◆ Task item:
Below is a listing. Return the lines from the one that contains "Μουσική εκδήλωση με" to the one that contains "たっぷり収納可能な下足箱。可動式の為、傘なども収納できます。", both ends included, verbatim and with no pictures.

◆ Provided entries:
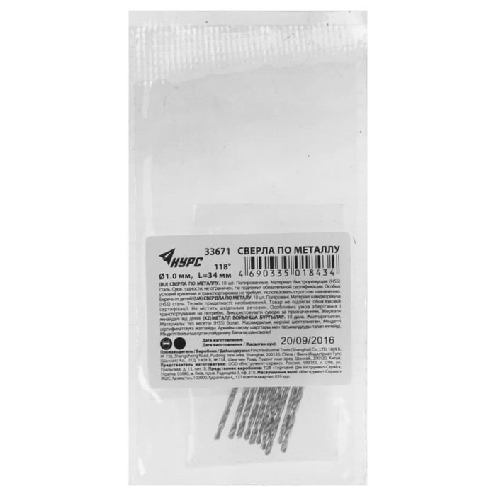 Сверла по металлу "КУРС", HSS, полированные, 1 x 34 мм, 10 шт.
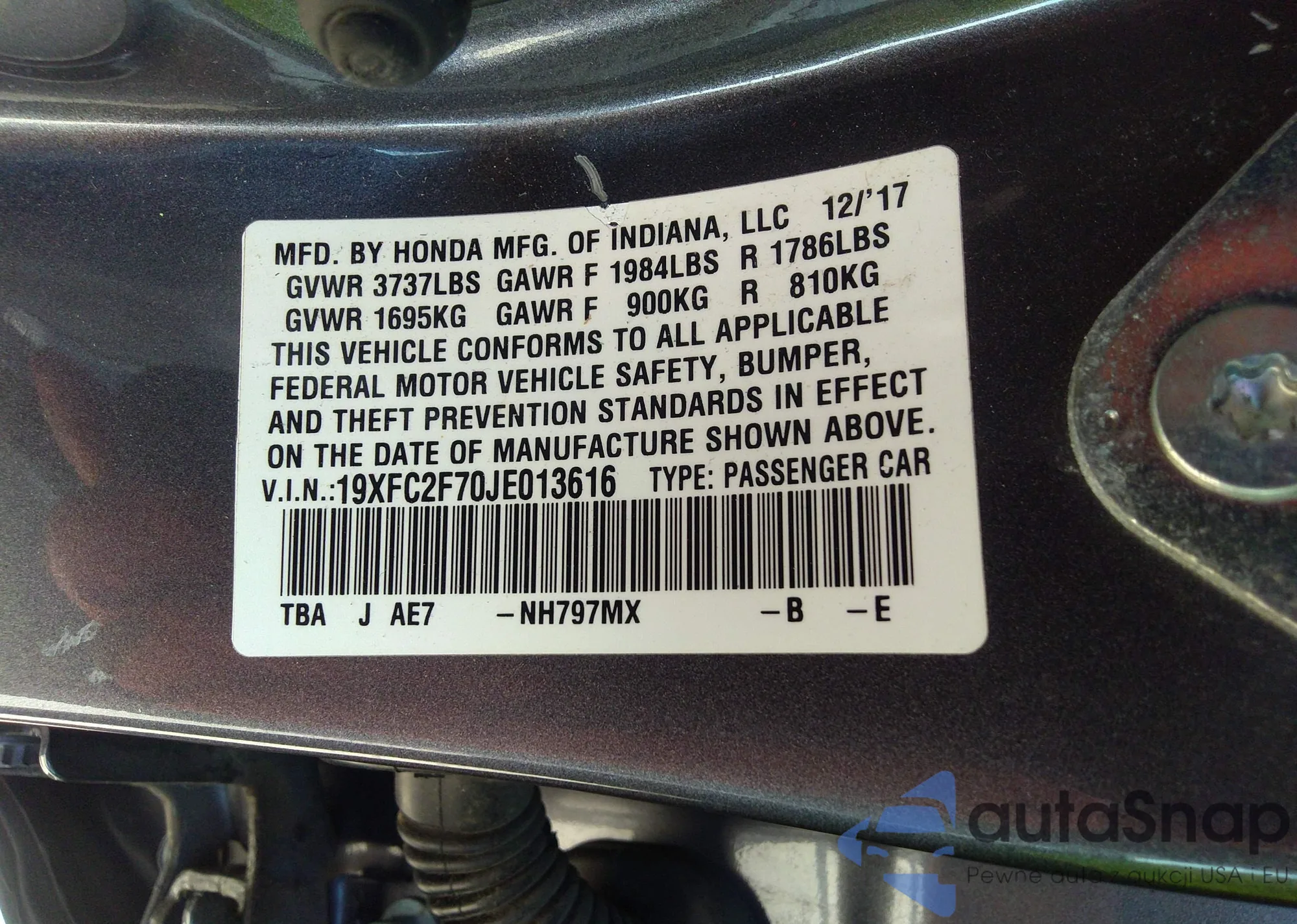 VIN: 19XFC2F70JE013616
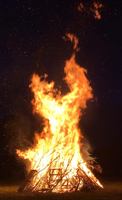 feu de la Saint-Jean à la nuit tombée
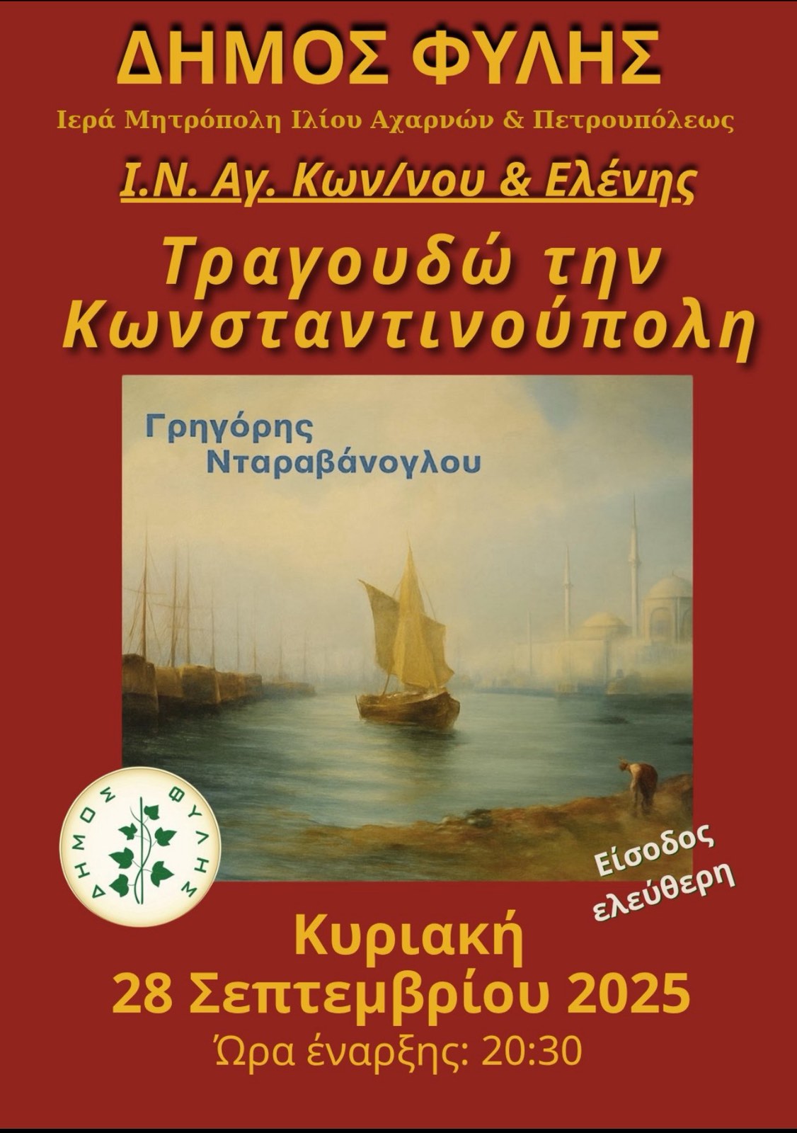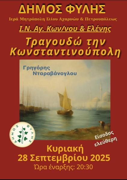 Μουσική εκδήλωση με τίτλο «Τραγουδώ την Κωνσταντινούπολη» με τον Πρωτοψάλτη Γρηγόριο Νταραβάνογλου θα πραγματοποιηθεί στον Ιερό Ναό Αγίων Κωνσταντίνου και Ελένης Άνω Λιοσίων την Κυριακή 28 Σεπτεμβρίου 2025, στις 20:30.
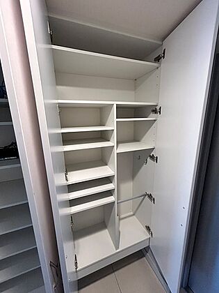 たっぷり収納可能な下足箱。可動式の為、傘なども収納できます。
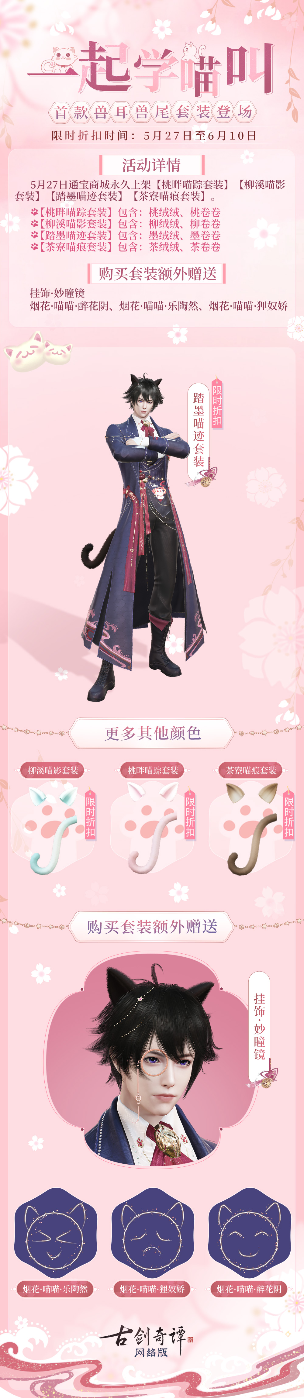 通宝商城永久上架【桃畔喵踪套装】【柳溪喵影套装】【踏墨喵迹套装】【茶寮喵痕套装】,内含猫耳猫尾挂饰,购买套装额外赠送单片镜挂饰·妙瞳镜、三款喵喵烟花。
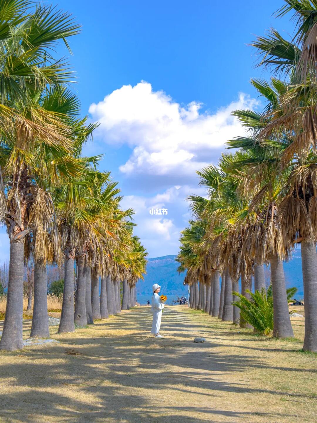 两排整齐的棕榈树。面潮洱海,背靠苍山,仿佛自己到了海边一样
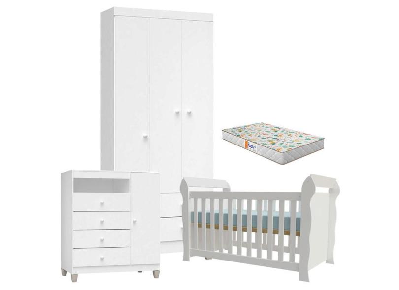 Quarto de Bebê 3 Portas Ternura Baby com Berço Lara Branco Brilho com Colchão Gazin - Incorplac
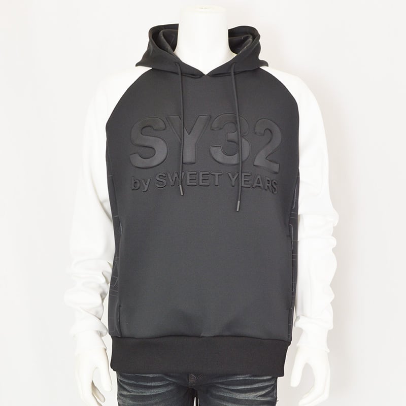 SY32 by SWEET YEARS|エスワイサーティトゥー バイ スウィートイヤーズ|DOUBLE KNIT EMBOSS GEOMETRY P/O HOODIE|メンズ|クロシロ

◆ Problem solution:
 Μουσική εκδήλωση με τίτλο «Τραγουδώ την Κωνσταντινούπολη» με τον Πρωτοψάλτη Γρηγόριο Νταραβάνογλου θα πραγματοποιηθεί στον Ιερό Ναό Αγίων Κωνσταντίνου και Ελένης Άνω Λιοσίων την Κυριακή 28 Σεπτεμβρίου 2025, στις 20:30.
 たっぷり収納可能な下足箱。可動式の為、傘なども収納できます。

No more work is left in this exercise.